Yargıtay Ceza Genel Kurulunun Dairemizce de benimsenen (örneğin; 14.10.2021 günlü, 2021/2-35 esas ve 2021/473 sayılı kararında olduğu gibi) içtihatları uyarınca, suçun temel şeklinin cezası beş yıldan fazla olmamasına rağmen sanığa tatbiki istenen daha ağır cezayı gerektiren nitelikli hâl dikkate alındığında şüpheli veya sanık beş yıldan fazla bir ceza ile cezalandırılma tehdidiyle karşı karşıya olup ta avukatı yoksa şüpheli veya sanığa (mahkemesince) zorunlu olarak müdafii görevlendirilmesi gerekir.

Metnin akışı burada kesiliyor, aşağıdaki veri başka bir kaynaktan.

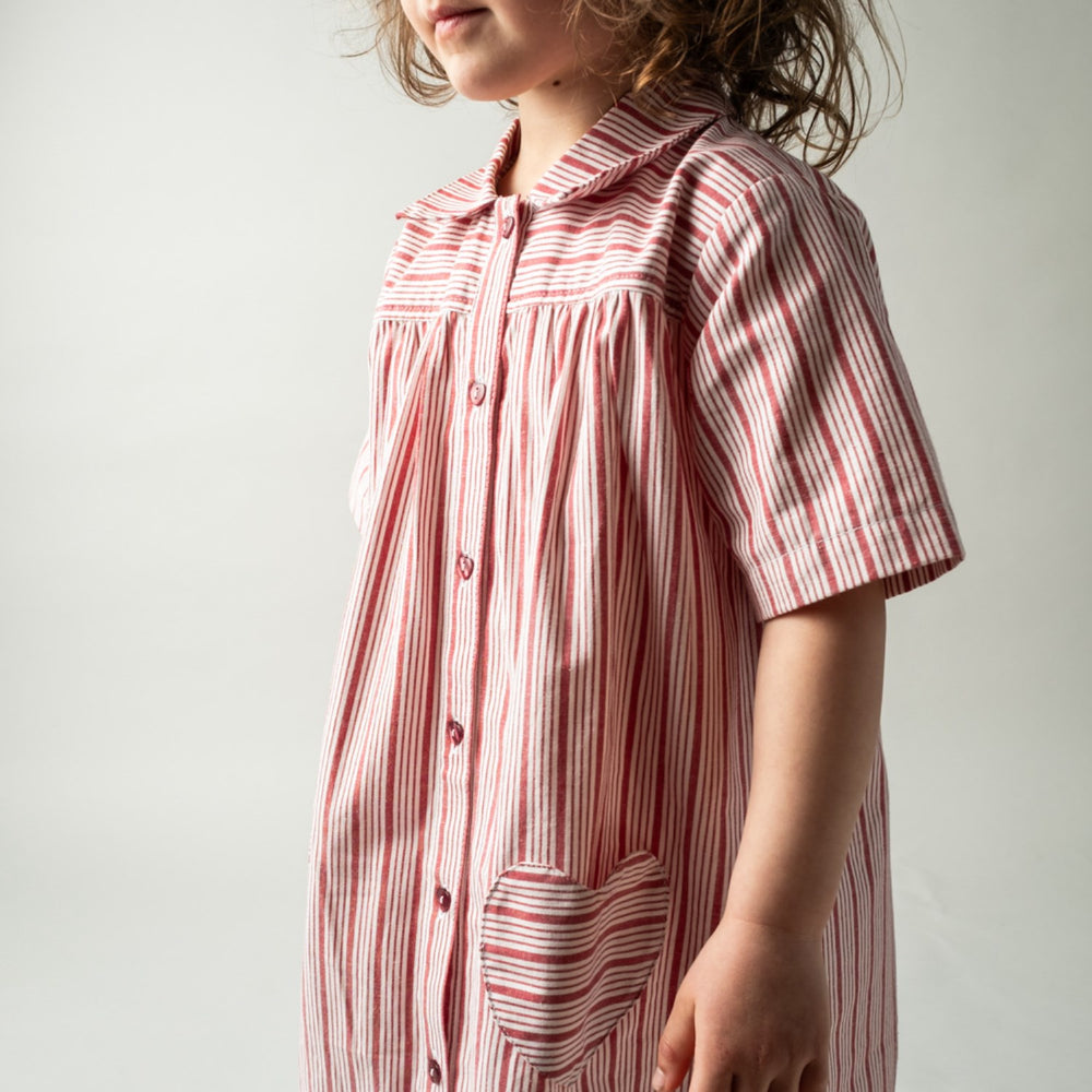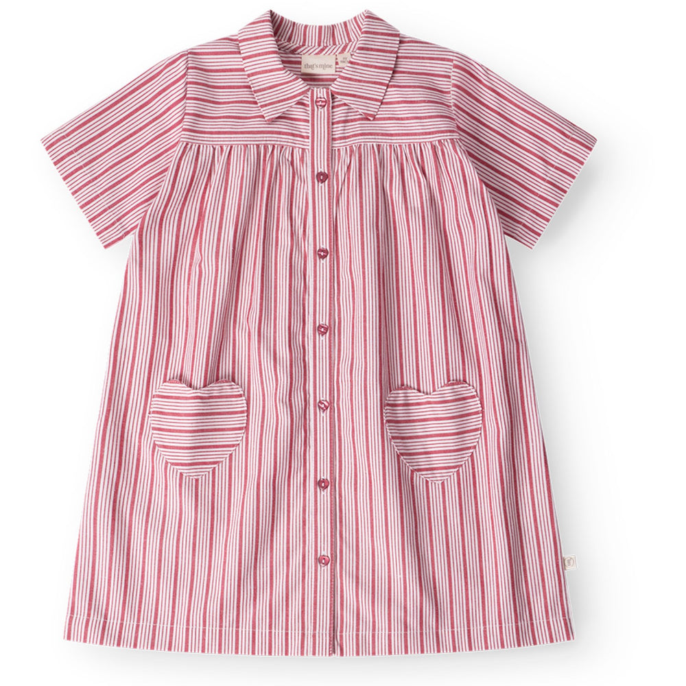 Denne charmerende kjole i klassisk rød med hvide striber byder på en stilfuld løsning til dit barns garderobe. Designet omfatter hjerteformede knapper og matchende lommer, der skaber et sødt og unikt look. Kjolen sikrer både komfort og praktisk anvendelighed, idet den er nem at tage på og vedligeholde. Et ideelt valg for både daglig brug og finere anledninger.

Aynı şekilde Dairemize göre; Daha ağır cezayı gerektiren nitelikli hâl olmamakla birlikte, 5237 sayılı TCK’nın 37/2, 38/2. maddelerinde düzenlenen iştirak hükümleri uyarınca faile verilecek cezada yapılacak artırım sonucunda veya somut olayda olduğu gibi TCK’nın 43/1. maddesinde düzenlenen zincirleme suç hükümlerinin uygulanması hâlinde şüpheli veya sanık beş yıldan fazla bir ceza ile cezalandırılma tehdidiyle karşı karşıya olup ta avukatı yoksa şüpheli veya sanığa (mahkemesince) zorunlu olarak müdafii görevlendirilmesi gerekir.
Açıklanan nedenlerle;
TCK'nın 142/2-h ve 43/1. maddelerinde öngörülen ve zincirleme biçimde işlenen nitelikli hırsızlık suçunun gerektirdiği cezanın alt sınırı dikkate alınarak, 5271 sayılı CMK’nın 150/3. ve 196/2. maddeleri uyarınca sanığa zorunlu müdafii atanması gerektiği gözetilmeden, yargılamaya devam edilerek aynı Kanunun 188/1. ve 289/1-e maddelerine aykırı davranılması suretiyle savunma hakkının kısıtlanması,
Bozmayı gerektirmiş, sanığın temyiz istemi bu bakımdan yerinde görülmüş olduğundan, diğer yönleri incelenmeksizin hükmün öncelikle bu nedenle CMK'nın 302/2. maddesi uyarınca tebliğnameye aykırı olarak BOZULMASINA, CMK’nın 304/2-a maddesi gereğince dosyanın gereğinin ifası için ... 8.Asliye Ceza Mahkemesine, karardan bir örneğin ise ... Bölge Adliye Mahkemesi 7. Ceza Dairesine gönderilmek üzere Yargıtay Cumhuriyet Başsavcılığına iadesine, 5271 sayılı CMK'nın 307/5. maddesi uyarınca yeniden verilecek hükmün önceki hükümle belirlenmiş olan cezadan daha ağır olamayacağının gözetilmesine, 27.10.2022 tarihinde oy birliğiyle karar verildi.